5.1 Merging a primitive class and a defined class from the source ontologies

Let us take a case of two classes, where Class clA is a primitive class and clB is a defined class by SomeValuesFrom Restriction. Our system follows the 7-Step algorithm (see Fig. 2) for their merging. For example, clA is a class MSCourse in O1 ontology and MSCourse is defined to be a class whose individuals are taught by some professor (i.e., MSCourse subclassof Taught_By some Professor), where Professor is described as a Person who teaches some Level_4_Course.

Fig. 2
figure 2

Program creating a restriction class in the merged ontology

Our merge algorithm imports O1 ontology as a merged ontology O3 and then takes the snippets of axioms from O2 ontology to form the combined axiomatic definitions in O3. In the merged ontology O3, our system creates the restrictions of O2 when merging clA and clB candidates.The following piece of code (shown in Fig. 2) explains how our system works on merging a primitive and a defined class. The logic is that in the merged ontology, with OWLDataFactory mfactory, we create a new property newProp by which the restriction is applied in O2 with its domain and range concepts. Then, we get a class expression having the new restriction newRest and create a clA as a subclass of restriction class. This is explained in detail as seven steps mentioned in the Fig. 2.

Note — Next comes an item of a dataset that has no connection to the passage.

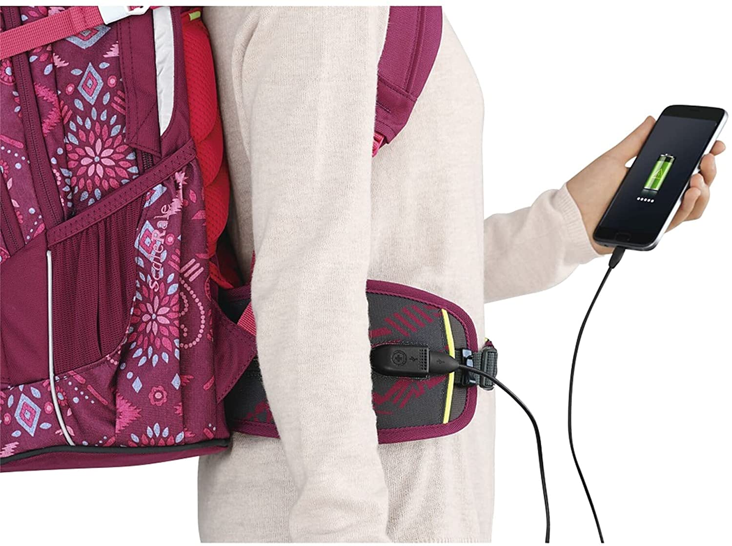 - ENERGIE-TO-GO - In einem Fach im Hüftgurt verbirgt sich ein leistungsstarker Power Pack. Das Smartphone wird einfach an der Ladebuchse auf der Außenseite angesteckt und lässt sich so auch während des Ladens bedienen.

5.2 Merging two defined classes from the source ontologies

There are various constructors for expression the real world objects into owl ontology concepts with class expressions. In general, we divide them into two categories based on the property match or mismatch. In case of a property mismatch, we have to create both the class expressions in the merged ontology by adding both the restrictions from the individual classes. But in the case of a property match, properties from the source ontologies themselves are merged and the union of filler classes should be generated in the merged ontology. Therefore, case 1 deals with the merging of two classes defined by the same restriction type with two different properties and filler classes, and case 2 deal with the merging of two classes defined by the same restriction type with the same property and/or filler classes. The following subsections tackle these two cases individually.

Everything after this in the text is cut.